Though the labeling policy seems to follow the likes of Facebook, Twitter and YouTube, which have each attempted to address the spread of COVID misinformation on their platforms with content labels, Rogan isn’t just being hosted on Spotify like thousands of other podcasts. The streaming giant inked a rich, exclusive multiyear licensing deal in 2020 for The Joe Rogan Experience. In effect, Spotify’s top brass bet that they needed their own version of Howard Stern, who famously left terrestrial radio for what became SiriusXM. (The satellite radio provider, notably, was also one of the first to capitalize on Neil Young’s exit, reintroducing a dedicated channel for the artist on its platform shortly after the singer’s catalog left Spotify.)

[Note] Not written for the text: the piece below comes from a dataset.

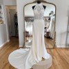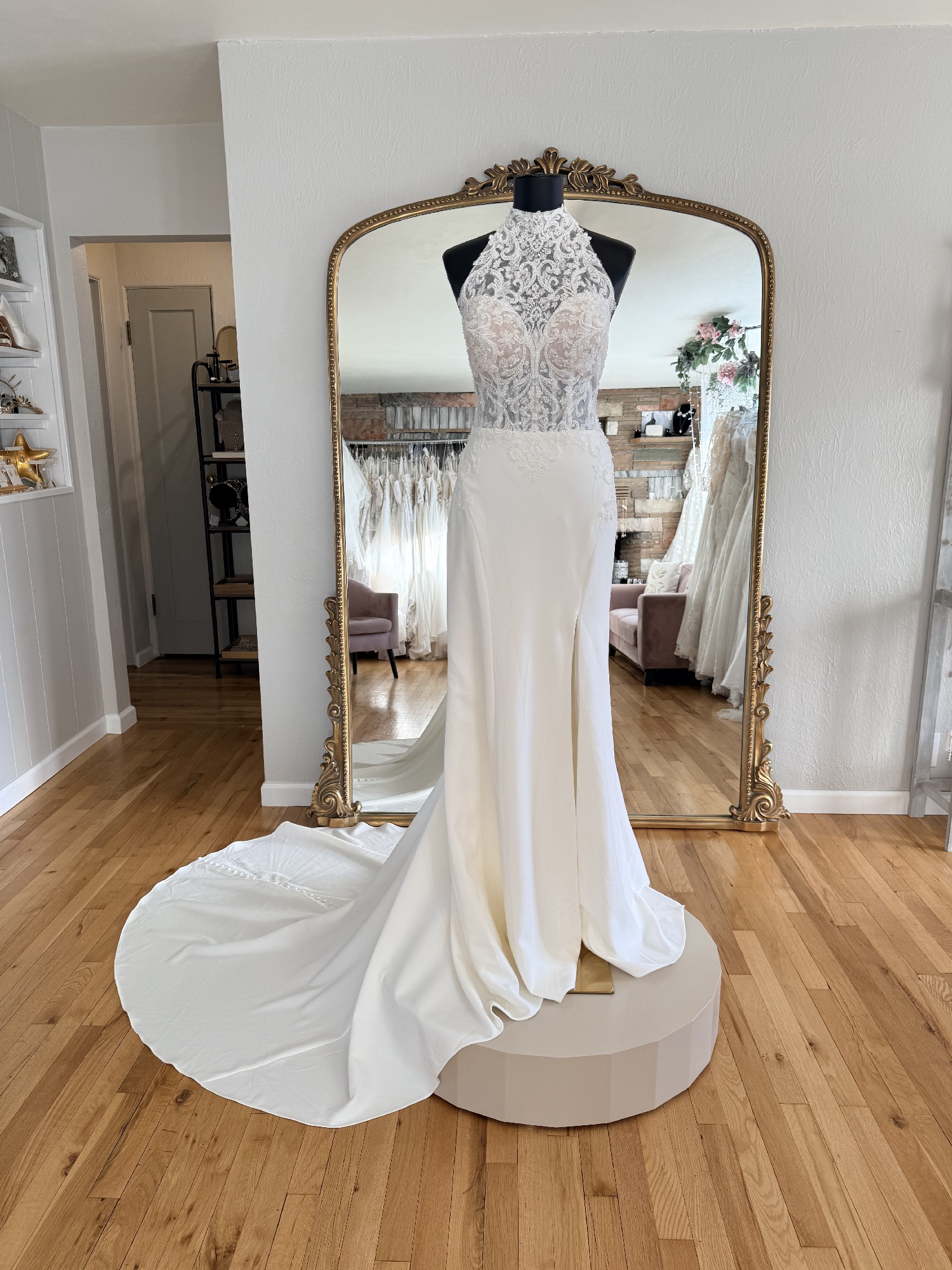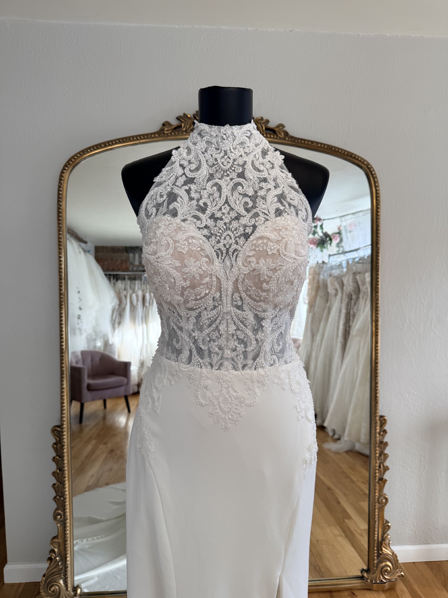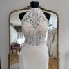 A glamorous fit-and-flare wedding gown with a high halter neckline and intricate graphic lace bodice accented with 3D floral details. It transitions into a sleek skirt with a high slit and a low open back for modern bridal elegance. This gown has been tried on as a store sample, but is in perfect condition with no marks, stains, or tears.

What’s more, Spotify’s content guidelines regarding COVID-19 misinformation don’t appear to apply to some of Rogan’s most misleading comments and content. According to Spotify, Rogan’s December COVID-19 episode doesn’t run afoul of Spotify’s rule against “promoting or suggesting that vaccines approved by local health authorities are designed to cause death.” Rogan, who reportedly commands a $1 million minimum ad spend on his show, has not yet been given any content labels on his episodes. (A Spotify spokesperson did not respond to questions about when the labels would begin appearing on podcasts.)
With Spotify’s earnings expected to be shadowed by the Rogan brouhaha, it remains to be seen if future podcast deals will be impacted by the company’s handling of misinformation or whether in-house creators seek out deals elsewhere.
And the public relations mess may not ultimately be worth it for Spotify in the long term, a team of analysts at Guggenheim Securities argued in a Feb. 1 note: “With the additional headache of potential content conflicts, we believe Spotify may reconsider the incremental value of exclusive podcast content relative to a focus on differentiation through platform and experience in the future.”
The same could be said for other rival streaming platforms, who are quietly reanalyzing their own policies to help avoid a Rogan problem of their own. “We’re keeping a close watch,” an executive at a rival streaming platform told THR. For instance, Apple Podcasts, which has a designated team to review episodes, has a brief content guidelines page that notes the platform will add a “label” to the podcast if it contains “harmful or objectionable content that is disputed by authoritative sources,” though there are no explicit guidelines around COVID-19. Amazon Music also has general language in its terms and conditions for podcasters that restricts “inappropriate or offensive” material but does not address misinformation or COVID-19.
But, in the meantime, don’t bet on Spotify abandoning Rogan soon. “I could see a world in which Spotify just kind of battens down the hatches and tries to push through towards the end of [Rogan’s] deal,” a podcast studio executive said. “It just is going to depend on how much noise gets generated from this by other artists.”